Gadis itu menempelkan ujng yang lain dari benda putih itu di bibirnya. Sejenak, ia menghisap dalam-dalam benda itu, lalu kepulan asap keluar dari mulut serta hidung mungilnya, menyebabkan aroma khas benda itu menyebar bersama udara ke segala sudut ruangan besar itu. Gadis itu seolah-olah tak peduli pada tiga pemuda yang sedari tadi mengawasi kegiatannya. Ia benar-benar tak peduli.
"Haah….Rukia, sebenarnya kau kenapa?" Salah satu dari tiga pemuda yang tengah tiduran di sofa hijau dalam ruangan itu akhirnya mengelurakan suara untuk membuang rasa bosannya. Rambut merahnya yang di kuncir ke belakang tampak tetap tertata rapi. Gelas bening berisi wine yang di pegannya ia letakkan di atas meja.
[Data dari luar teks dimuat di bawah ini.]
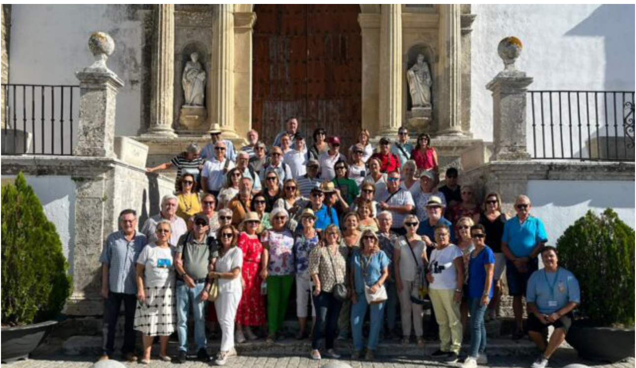
■ Un numeroso grupo de colegiados jubilados compartieron unos agradables días de convivencia entre compañeros.

En definitiva, un agradable viaje organizado por el ICOEJ para los colegiados jubilados.
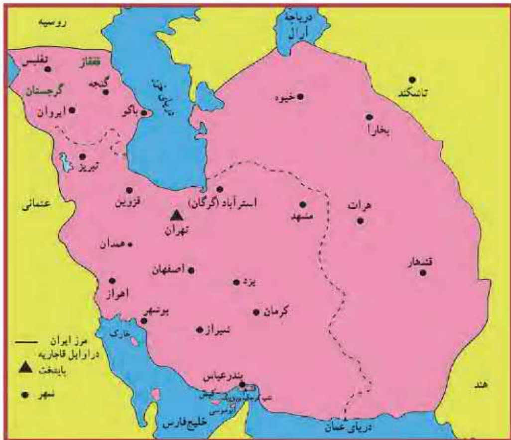
قلرو ایران در اوایل حکومت قاجاریه
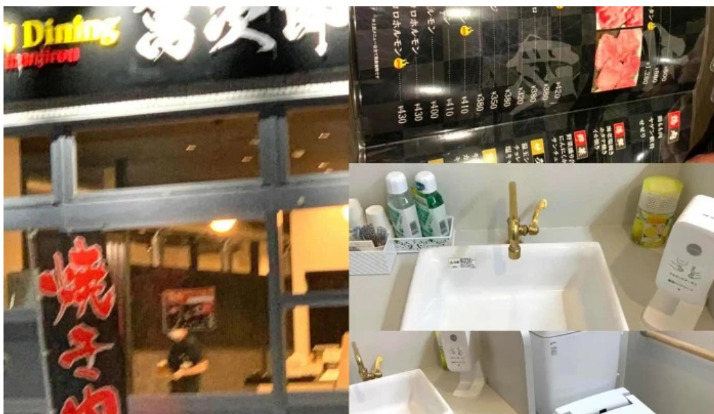
焼肉 ダイニング 萬次郎 メニュー
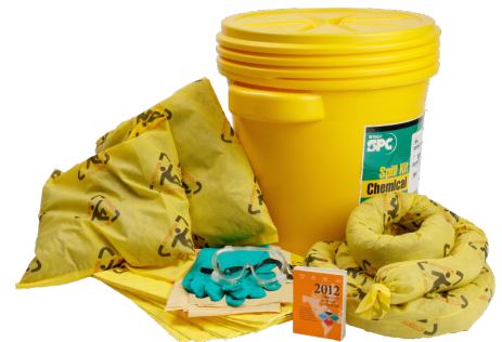
Kit de 20 galones para derrames
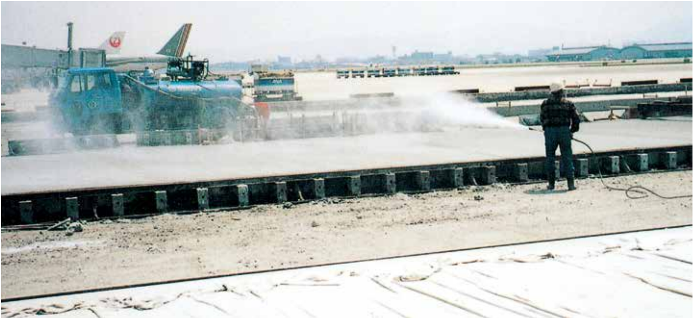
▲駐機場拡幅コンクリート舗装へのハードコート・クイックの散布状況

コンクリート中のアルカリ成分と結合して硬化し、表面にアルカリ防水層を形成します。コンクリート表面が速く硬化することにより、早期にマット養生が出来るので、ヘアークラックの発生を抑制し、コンクリートの仕上がりを良化します。
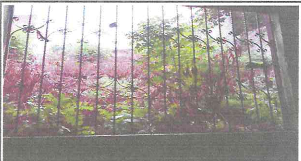
Foto 6: por no haber ventales, en epoca de lluvia ingresa el agua al pasillo y aulas.

Observación: Si es necesario se pueden agregar hojas adicionales indicando el número de hojas.
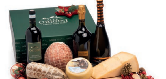
CONFEZIONE BALLETTINO IN CARTONE

SPUMANTE ALLUNGATO BRUT CUVÉE MILLESIMATO EXTRA DRY "SOLIGO" ml 750 NERO DI LAMBRUSCO DELL'EMILIA "OTELLO" ml 750 BONARDA DELL'OLTREPO PAVESE "SELEZIONE ALLE ORIGINI" ml 750 SALAME STAGIONATO GENTILE gr 500 C.A. - Futura Salumi COTECCHINO A BOCCIA NOSTRANO gr 1000 C.A. - Futura Salumi GRANA PADANO stagionato gr 900/1000 C.A. CACIOTTA RAZZA BRUNA gr 500 C.A. LENTICCHIE SECCHE gr 400
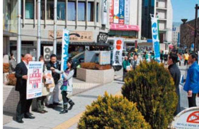
3/19 長野駅前での呼びかけ
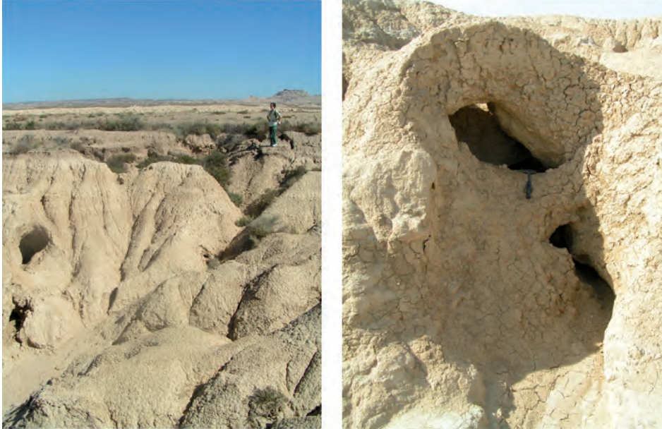
Figura 2. Dos aspectos en campo de los pipes desarrollados por procesos de seepage en las formaciones arcillosas de los rellenos de la cuenca.
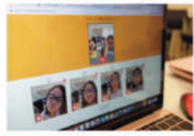
AI×プログラミングでレジを作ろう

"Apakah kau tahu seberapa bahayanya benda yang ada di tanganmu itu?" Suara dingin namun tegas itu tetap tak menarik perhatian gadis yang beginya sudah seperti adiknya sendiri. Pemuda berambut salju itu menyeruput sedikit wine dari kristal bening yang di pegangnya sedari tadi. Mata pemuda itu menatap serius layer televise yang menyajikan gambar-gambar bergerak.
"Tak usah pedulikan aku!" Guman gadis itu. Tangan kirinya ia gerakkan untuk mengambil gelas wine nya, lalu ia teguk habis cairan itu yang semula berisi setengah dari tempatnya.
"Bagaimana bias aku tak peduli padamu?" Teriak pemuda yang berdiri tak jauh dari tempat gadis itu berdiri. Raut wajah pemuda itu tampak kesal. Rahang bawahnya bergerak tanda bahwa ia benar-benar kesal pada tingkah gadis yang ia sayangi. Di tempelkannya kristal bening tepat di pipinya yang memiliki tato dengan angka '69' untuk sebisa mungkin tidak meluapkan amarahnya secara berlebihan.
"Dengar! Kau piker kami tidak bisa menebak apa masalahmu, hah?" Nada bicara pemuda itu mulai meninggi. "Kau bertengkar lagi dengan Ichigo, kan?"
"Hisagi, diam kau!" Bentak gadis itu tanpa menoleh padanya. "Jangan biarkan telingaku mendengar lagi nama itu!"
"Munafik." Umpat pemuda berambut salju dengan penuh penekanan. "Bilang saja kau nasih belum bisa menerima kenyataan bahwa kau dan Ichigo menjadi saudara tiri."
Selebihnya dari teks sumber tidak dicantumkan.